Guide the model with domain-specific vocabulary (whisper and hf_whisper backends):

result = engine.transcribe("meeting.wav", initial_prompt="SonicScribe, PyTorch, RTFx")

Batch transcription

Process multiple files in one GPU pass for maximum throughput:

files = ["clip1.wav", "clip2.wav", "clip3.wav", "clip4.wav"]
results = engine.transcribe_batch(files, language="en")
# Qwen: 4.4x faster than sequential
# HF Whisper: 2.3x faster than sequential

Parallel file processing

Process many files across threads (different from GPU batching):

results = engine.transcribe_files(["a.wav", "b.wav", "c.wav", "d.wav"], workers=4)

Speaker diarization (who said what)

Add speaker labels to transcribed segments via pyannote.audio 4.0 as a post-process pipeline stage. Works on top of any backend; turns plain transcription into speaker-attributed dialogue:

from sonic_scribe import Engine
from sonic_scribe.optimizations import DiarizationStage, DiarizationConfig, Pipeline

pipeline = Pipeline(stages=[
    DiarizationStage(DiarizationConfig(num_speakers=2, hf_token="hf_xxx")),
])
engine = Engine(backend="parakeet", device="cuda", pipeline=pipeline)
result = engine.transcribe("meeting.wav")
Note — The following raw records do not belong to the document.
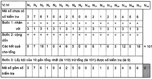 Ví dụ cách tính số kiểm tra cho trường gồm 18 ký tự
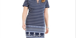 Vestido feminino Karen Scott com amarração e decote dividido, azul, tamanho pequeno
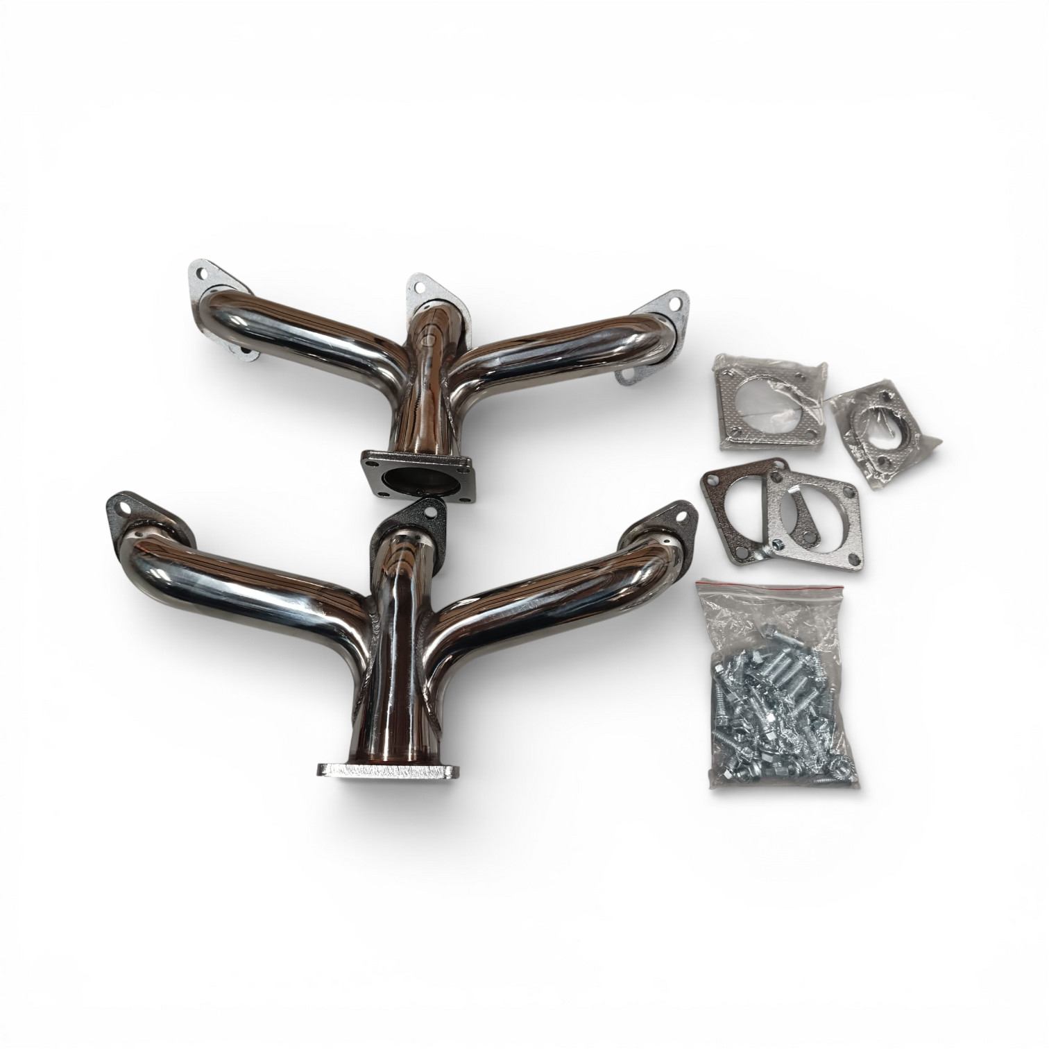 Headers for flathead Ford V8, stainless steel. Includes bolts and gaskets. Sold in pairs.
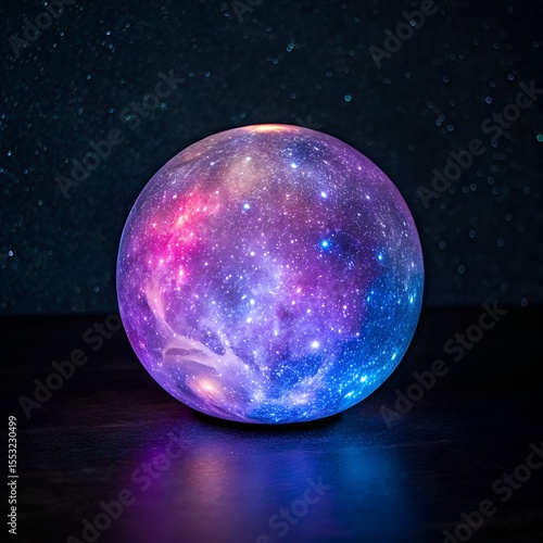 A glowing sphere encapsulates a starry universe, reflecting vibrant colors on a dark surface.
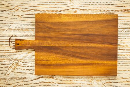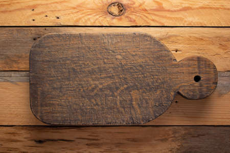 Empty vintage cutting board on planks food background concept

for seg in result.segments:
    print(f"[{seg.speaker_id}] {seg.start:.1f}s-{seg.end:.1f}s: {seg.text}")
# Output:
# [SPEAKER_00] 0.5s-2.1s: Welcome to the meeting.
# [SPEAKER_01] 2.4s-4.0s: Thanks for having me.
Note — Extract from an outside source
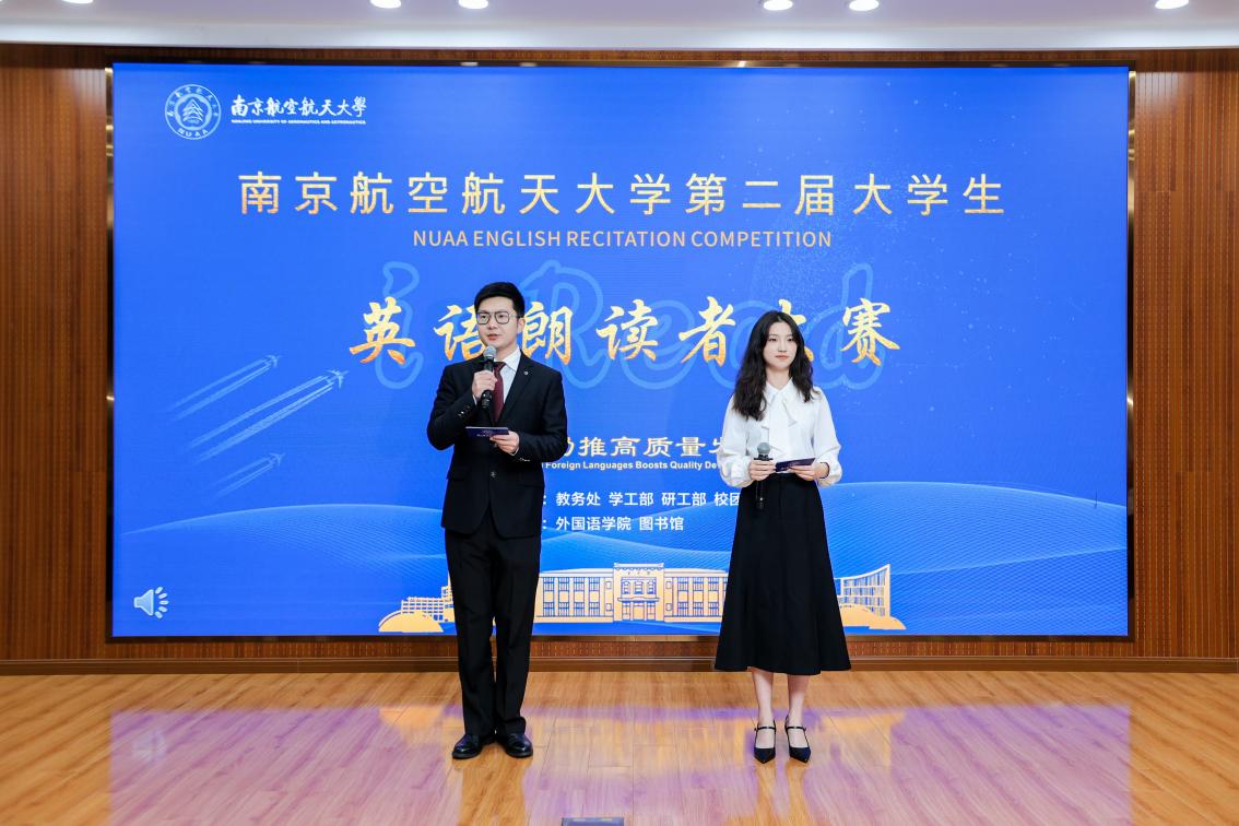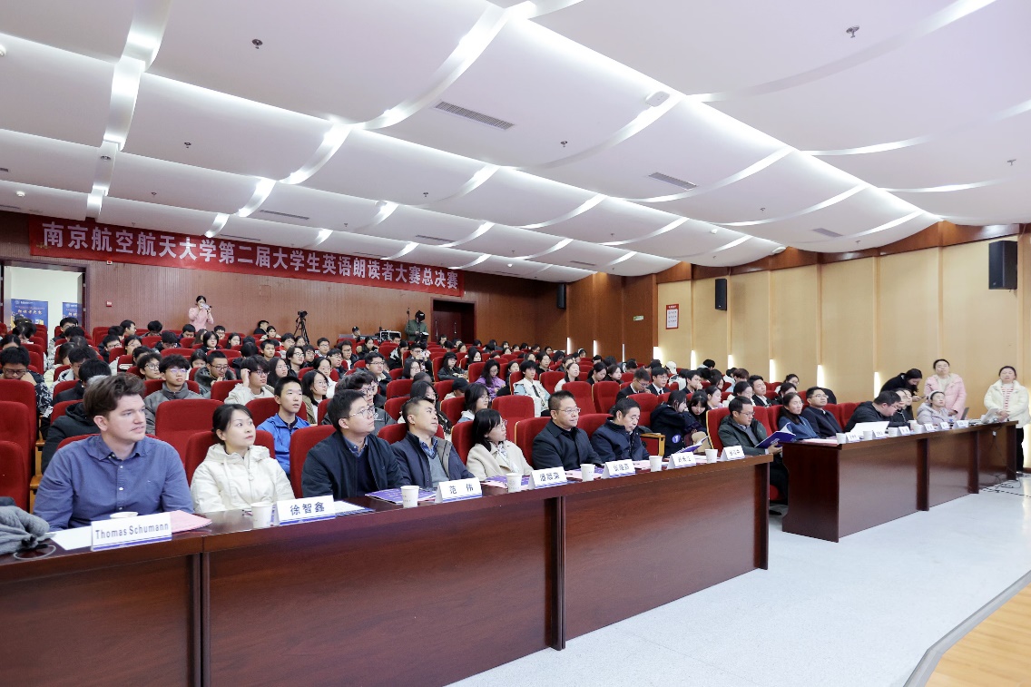 为提高我校学生英语口语表达能力和朗读技巧,提升学生人文素养,拓宽学生国际视野,鼓励学生讲好鲜活中国故事、展示美好中国形象,培育具备深厚中国情怀、广阔国际视野和卓越跨文化沟通能力的时代人才,12月12日,星空影院 第二届大学生英语“朗读者”大赛决赛在南航将军路校区图书馆一楼报告厅顺利举行。本次大赛由我校教务处、学工部、研工部和校团委主办,星空影院 和图书馆联合承办。将军路校区管委会主任王中叶、国际教育学院院长刘长江、教务处副处长张炜、党委宣传部副部长张晓燕、学生处副处长佘明、天目湖校区管委会/规建办副主任潘顺荣、校团委副书记杨一、研工部研究生教育管理处副处长范伟,星空影院 党委书记左彤云、星空影院 院长徐以中、星空影院 党委副书记吴科颖、星空影院 副院长徐智鑫、星空影院 外教Thomas Schumann等出席决赛并担任嘉宾评委。

Install with pip install "sonic-scribe[diarization]". The pyannote/speaker-diarization-community-1 model is gated; accept the license at https://huggingface.co/pyannote/speaker-diarization-community-1 and pass an HF read token via hf_token= (or set HF_TOKEN in the environment).

Uses pyannote 4.0's exclusive diarization timeline (one speaker per frame) by default for clean ASR alignment. Set use_exclusive=False in DiarizationConfig to expose overlapping-speech turns instead.

Punctuation restoration + truecasing

ASR output is typically lowercased and unpunctuated. Add a PunctuationStage to fix this automatically (47 languages via punctuators ONNX model):

from sonic_scribe.optimizations import Pipeline, PunctuationStage

pipeline = Pipeline(stages=[PunctuationStage()])
engine = Engine(backend="moonshine", pipeline=pipeline)
result = engine.transcribe("audio.wav")
# Input:  "hello world how are you"
# Output: "Hello world, how are you?"

Install with pip install "sonic-scribe[punctuation]".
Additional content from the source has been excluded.